Another example is Mozart's _Requiem_. I wouldn't say it points towards increasing musical simplicity either. It seems pretty harmonically adventurous, like much of his other later works.


----------



## Heck148 (Oct 27, 2016)

hpowders said:


> The music only sounds simpler.
> 
> The Clarinet Concerto. Piano Concerto No. 27. Ave verum Corpus. They can all make one cry.
> 
> ...


yes, definitely applies to the last 6 symphonies...there is a poignancy, not really melancholy, but a depth of expression that is hard to describe...it's certainly not simple....to express this "resignation" with such formal and technical perfection is the mark of great genius, IMO.


----------



## Weston (Jul 11, 2008)

I find Haydn and Mozart's use of intervals in melodies so radically different I can't as a layman hear much influence either way unless it is in the overall structure and balance of a piece. I think toward the end of his life Mozart started sounding slightly more like Haydn (or even Beethoven), but this is just based on conjecture from listening, not analysis.


----------



## Pugg (Aug 8, 2014)

Weston said:


> I find Haydn and Mozart's use of intervals in melodies so radically different I can't as a layman hear much influence either way unless it is in the overall structure and balance of a piece. I think toward the end of his life Mozart started sounding slightly more like Haydn (or even Beethoven), but this is just based on conjecture from listening, not analysis.


Very good point made!


----------



## jdec (Mar 23, 2013)

Heck148 said:


> I hardly think Mozart's style got simpler as he aged....I found this past thread from this forum, regarding the complex and very sophisticated compositional style from the Finale of his Sym #41 'Jupiter":
> http://www.talkclassical.com/20415-about-fugal-writing-mozarts.html


"The awe-inspiring counterpoint in Mozart's final symphony, explained in one video", by musicologist Richard Atkinson:

(With the culminating point explained from 11'50" to the end)


----------



## PlaySalieri (Jun 3, 2012)

Weston said:


> I find Haydn and Mozart's use of intervals in melodies so radically different I can't as a layman hear much influence either way unless it is in the overall structure and balance of a piece. I think toward the end of his life *Mozart started sounding slightly more like Haydn *(or even Beethoven), but this is just based on conjecture from listening, not analysis.

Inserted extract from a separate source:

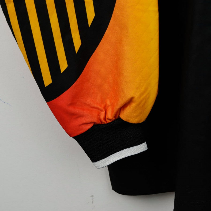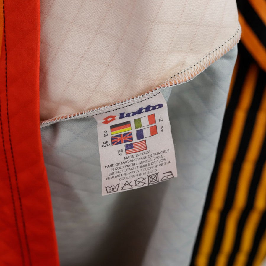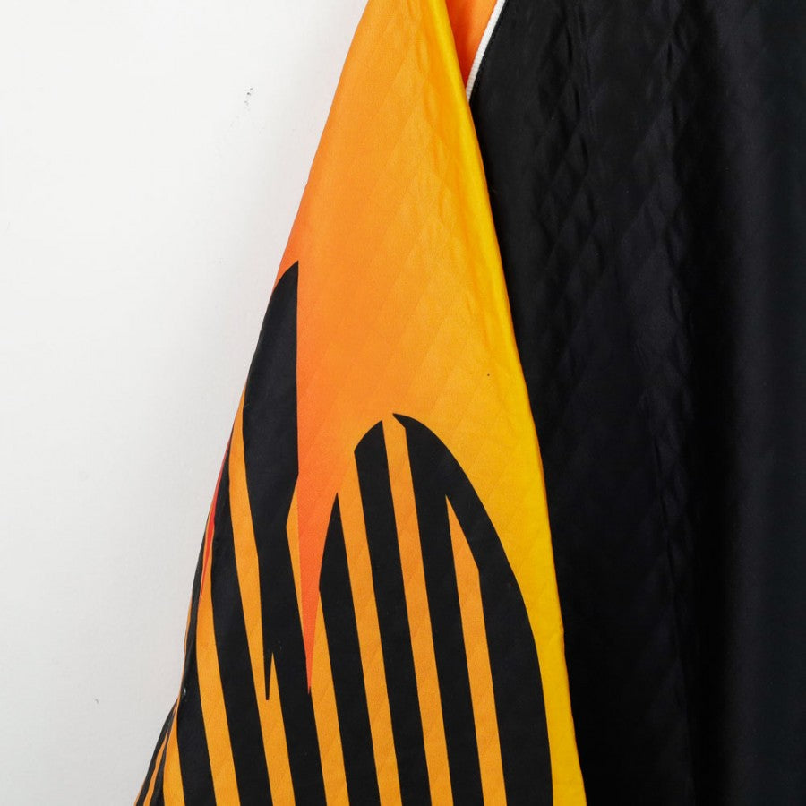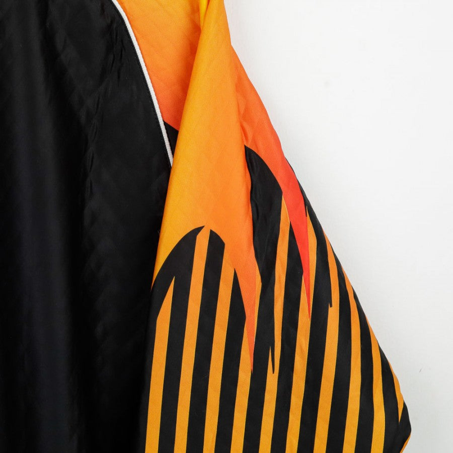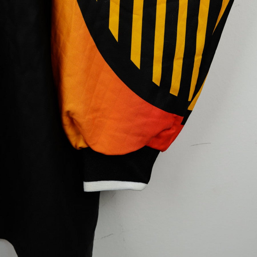 Maglia Portiere Napoli Lotto 1996/1997. Realizzata da Lotto, questa iconica maglia da portiere è caratterizzata da una vivace grafica fiammeggiante nelle tonalità arancio e rosso con inserti neri, che si estende sulle maniche imbottite, perfetta rappresentazione dello stile anni '90. Lo stemma SSC Napoli è posizionato centralmente sotto il colletto nero, mentre il logo tecnico Lotto è ben visibile sia frontalmente che sul retro del collo. La taglia visibile è XL. Da notare la presenza del logo di Batman stilizzato sul petto, in riferimento al soprannome del portiere Giuseppe Taglialatela, affettuosamente chiamato "Batman" dai tifosi per le sue parate acrobatiche.

I dont hear Haydn in any of Mozart's later works - I dont hear him in the last 4 symphonies - the operas - the late quartets the requiem. So not sure where you do hear him. In fact I also dont hear him anywhere at all except maybe some of the early works where Mozart is imitating.


----------



## jdec (Mar 23, 2013)

hpowders said:


> The music only sounds simpler.
> 
> The Clarinet Concerto. Piano Concerto No. 27. Ave verum Corpus. *They can all make one cry.*


With or without chopping onions?


----------



## Chronochromie (May 17, 2014)

stomanek said:


> I dont hear Haydn in any of Mozart's later works - I dont hear him in the last 4 symphonies - the operas - the late quartets the requiem. So not sure where you do hear him. In fact I also dont hear him anywhere at all except maybe some of the early works where Mozart is imitating.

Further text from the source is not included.